* Given material
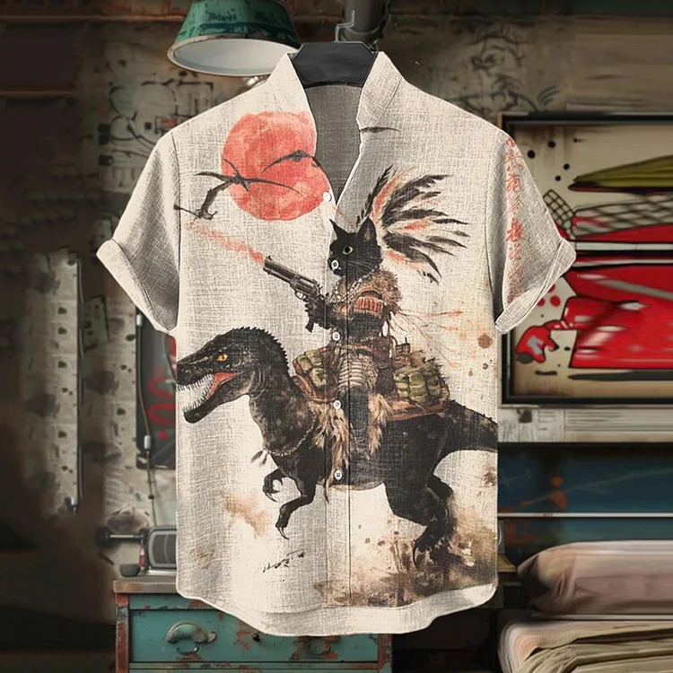 Men's Retro Tribal Black Cat Rides A Dinosaur Print Short Sleeve Shirt
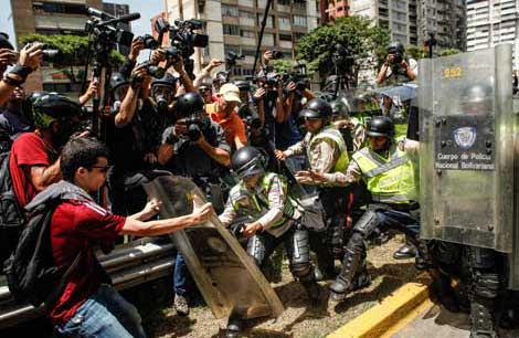 La policía impidió el paso de una marcha opositora que se dirigía al Congreso de Venezuela. Los manifestantes intentaron llegar por vías alternas, pero fueron reprimidos con gases lacrimógenos, perdigones y cañones de agua. Los inconformes respondieron lanzando piedras y otros objetos, mientras un grupo se enfrentó con los uniformados; el saldo fue de nueve heridos. La Asamblea Nacional suspendió su sesión en la que iba a debatir la remoción de magistrados del Tribunal Supremo, porque entre los afectados por los choques había legisladores Foto Xinhua
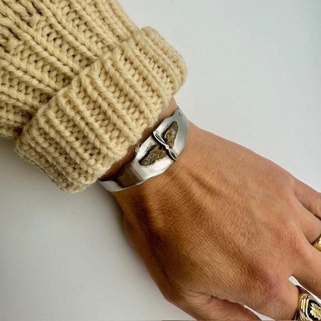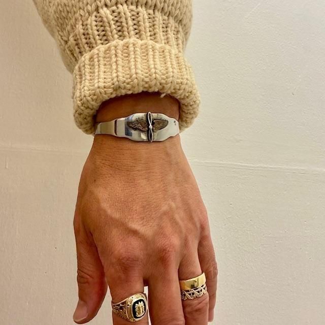官給品である航空科章をステンレス?合金材のバングルに溶接されたハンドメイド品。

* Task to complete
Could you give the material again exactly as it stands, omitting any image?

* Written solution
 Men's Retro Tribal Black Cat Rides A Dinosaur Print Short Sleeve Shirt
 La policía impidió el paso de una marcha opositora que se dirigía al Congreso de Venezuela. Los manifestantes intentaron llegar por vías alternas, pero fueron reprimidos con gases lacrimógenos, perdigones y cañones de agua. Los inconformes respondieron lanzando piedras y otros objetos, mientras un grupo se enfrentó con los uniformados; el saldo fue de nueve heridos. La Asamblea Nacional suspendió su sesión en la que iba a debatir la remoción de magistrados del Tribunal Supremo, porque entre los afectados por los choques había legisladores Foto Xinhua
官給品である航空科章をステンレス?合金材のバングルに溶接されたハンドメイド品。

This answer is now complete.